Cost control 101: keeping an AI feature affordable
AI features bill by the token, and small habits compound into large invoices. Here are the durable levers for keeping cost in line without gutting quality.
An AI feature has an unusual property as software goes: it costs money every single time someone uses it. Traditional code runs on servers you have already paid for, so an extra call is nearly free. A language model bills you per request, and the bill scales with usage. That changes how you build. A prototype that costs pennies a day can quietly become a feature that costs more than the team building it, and the difference is rarely one big mistake — it is a hundred small habits compounding. This walkthrough covers the durable levers for keeping an AI feature affordable, the ones that keep working regardless of which model or vendor you use.

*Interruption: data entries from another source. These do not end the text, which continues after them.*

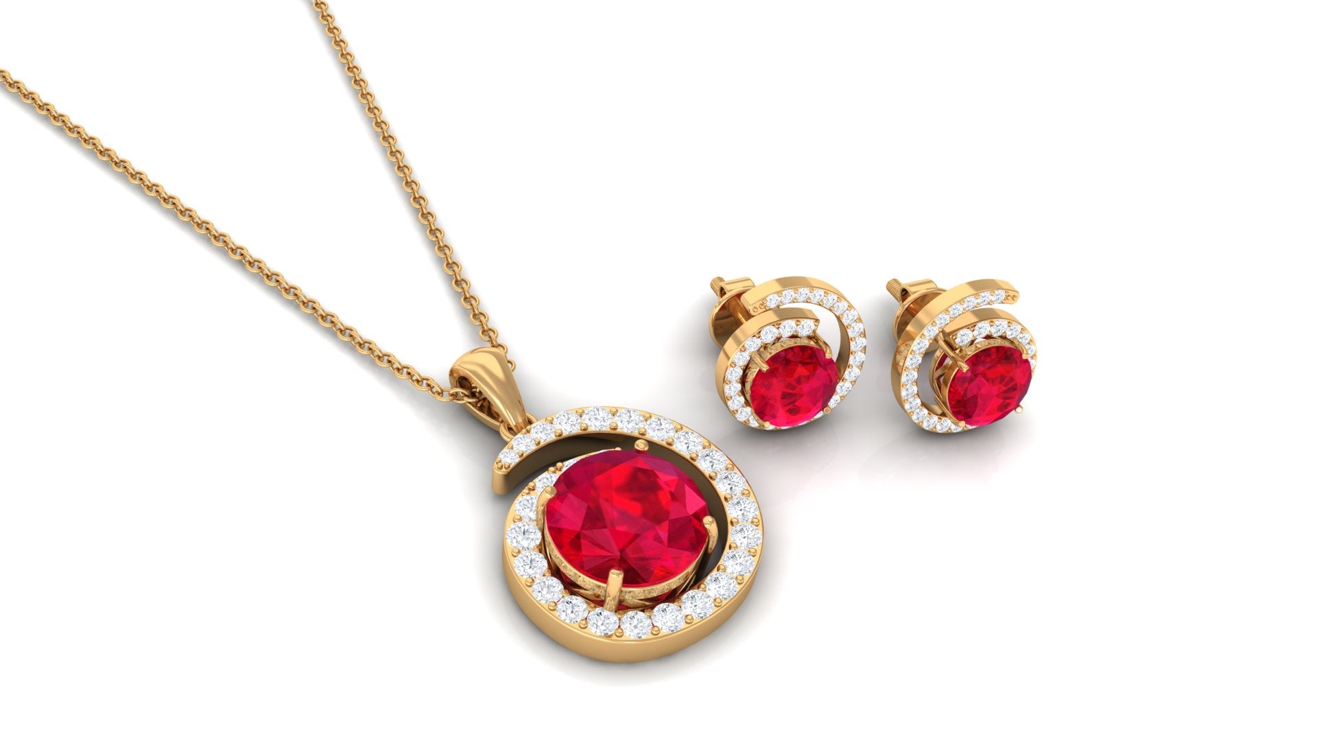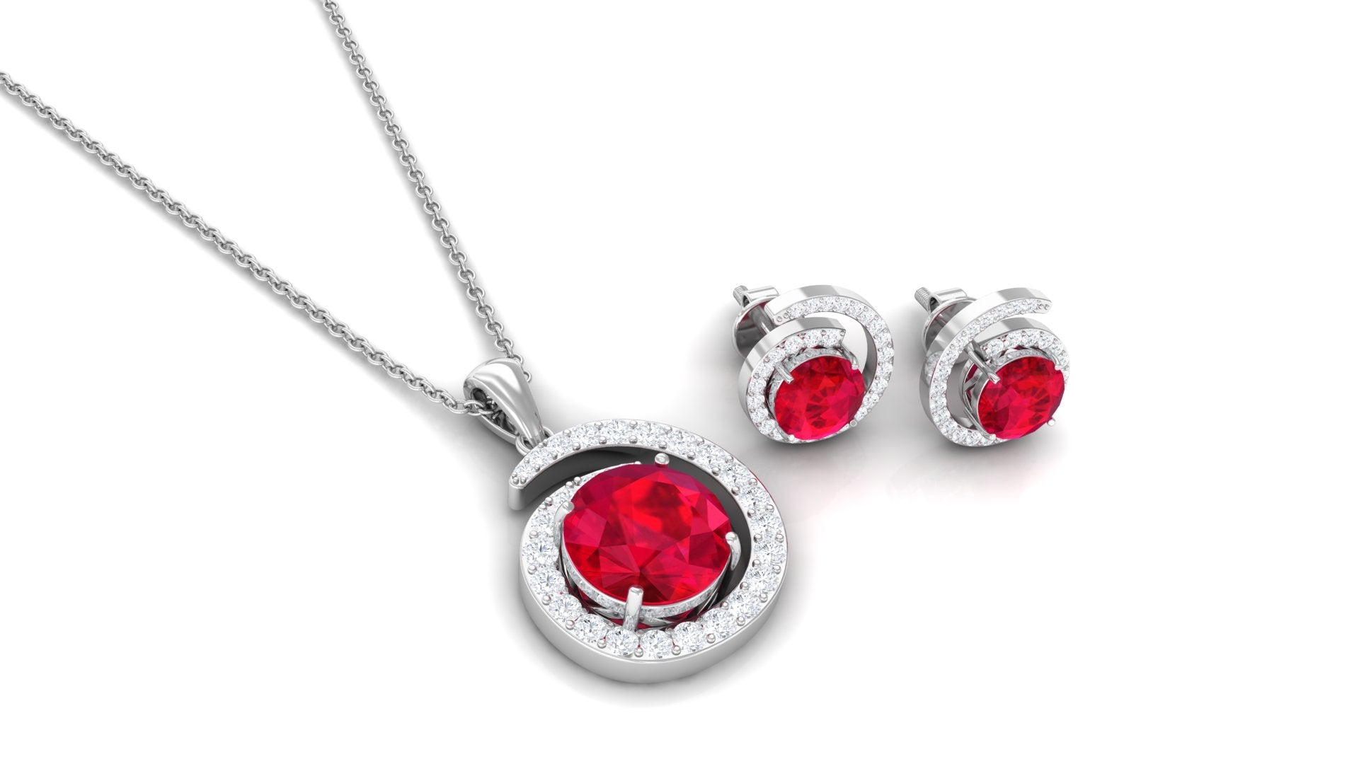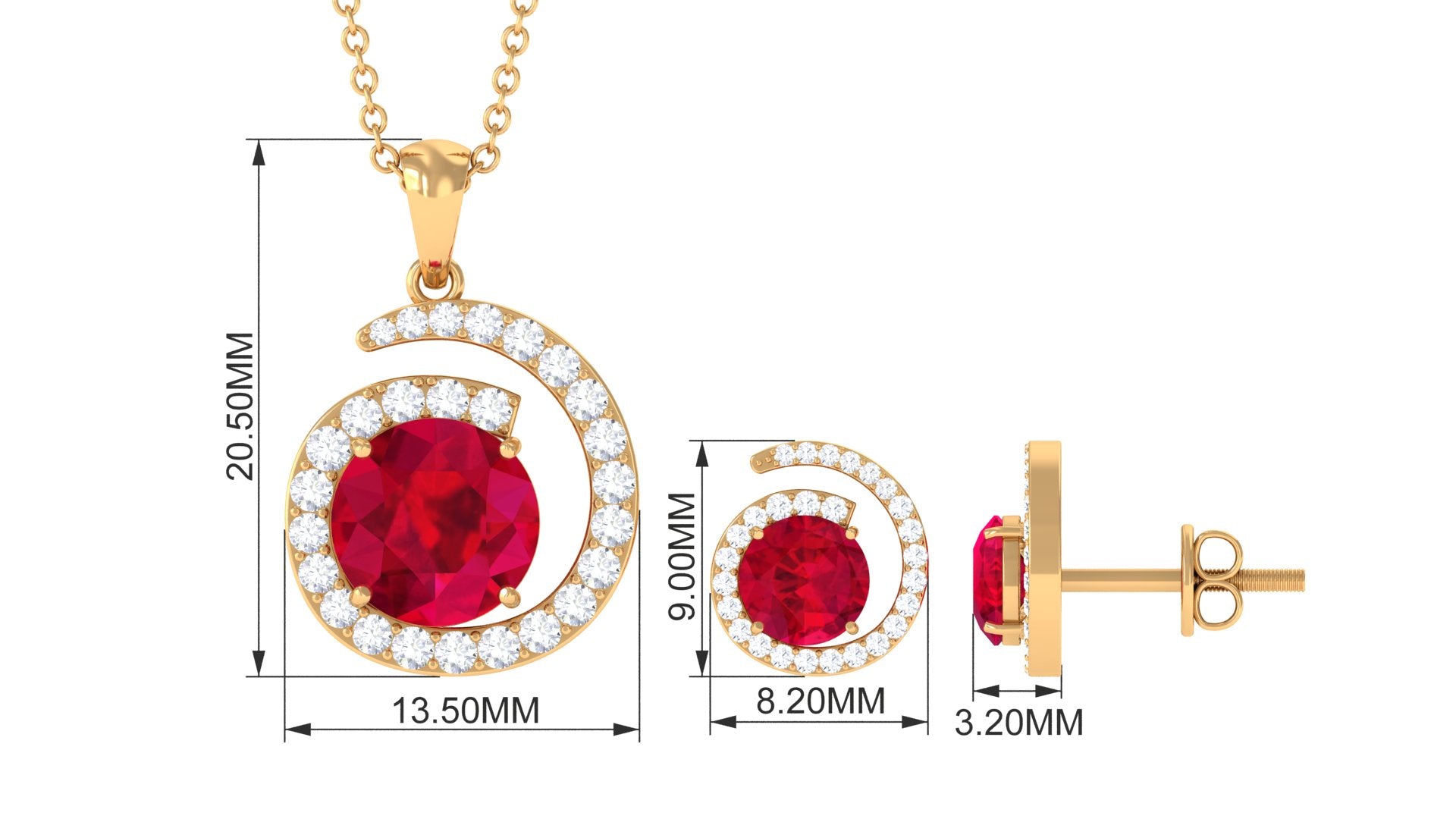 Created Ruby and Moissanite Swirl Pendant and Earrings Set
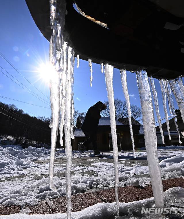 [광주(경기)=뉴시스] 김종택기자 = 전국적으로 한파 특보가 내려진 8일 오후 경기도 광주시 퇴촌면 한 주차장에 세워진 트럭에 고드름이 매달려있다. 2021.01.08.
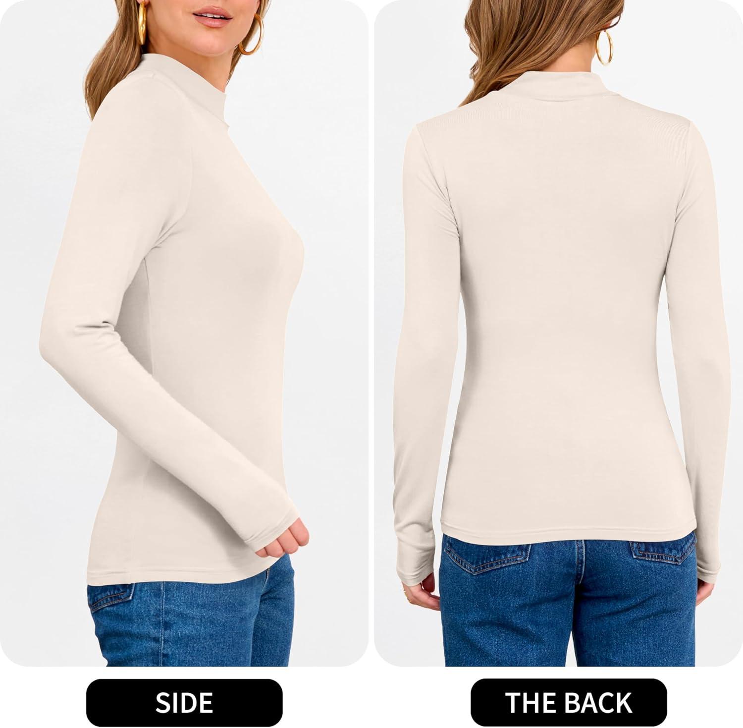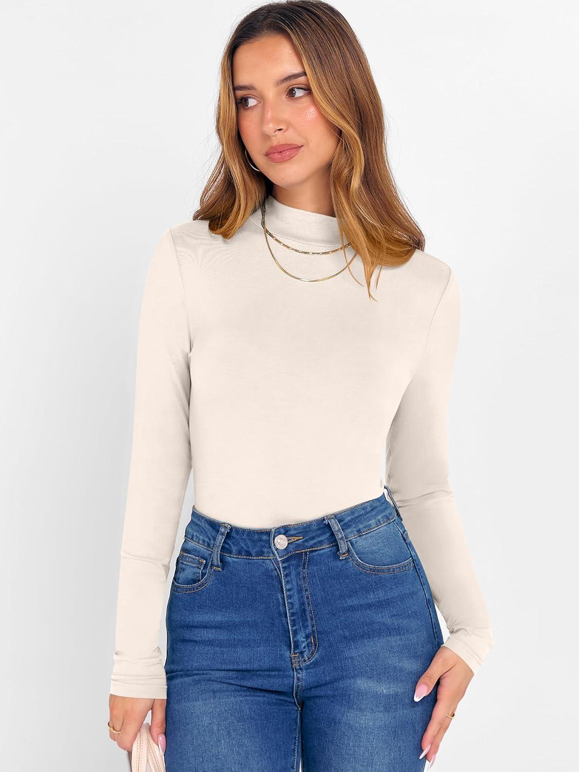 imageANRABESS Womens Long Sleeve Mock Neck Tops Slim Fitted Basic Layer Office Work Shirts 2025 Fall Outfits Y2K ClothesBeige
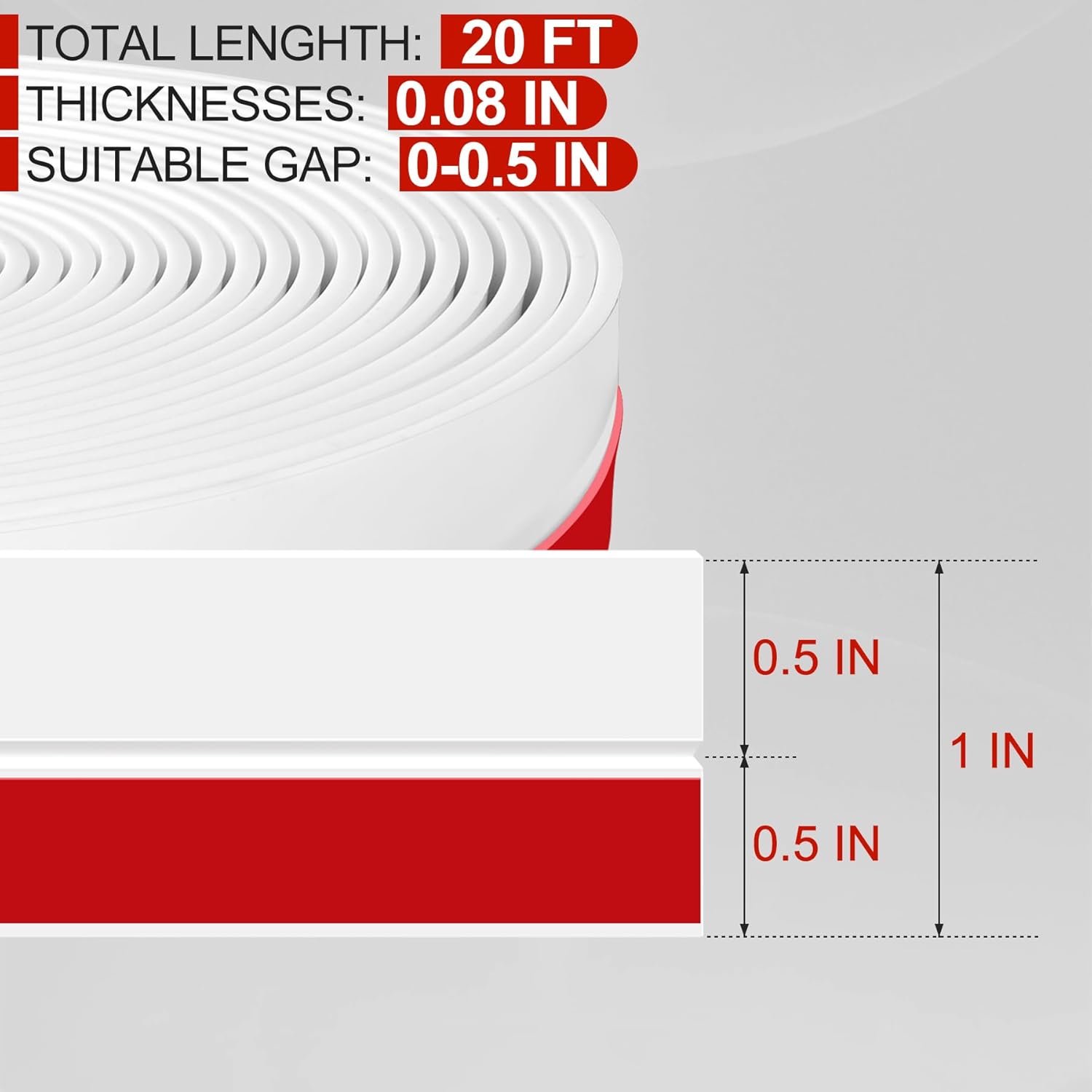 MYFAMIREA Door Weather Stripping 1IN (W) x 20FT (L) Door Draft Stopper Seal Tape Silicone Seal Strip Self Adhesive Shower Sweep Insulation Tape Side Bottom Strip for Sliding Glass Window Gap, White

How you actually get billed
You cannot control a cost you do not understand, so start with the unit. Language models bill by the token — a chunk of text, very roughly a few characters or part of a word. Every request is charged for the tokens going in (your prompt: instructions, context, examples, the user's input) and the tokens coming out (the model's response). Both directions cost, and on many models the output tokens cost more per token than the input.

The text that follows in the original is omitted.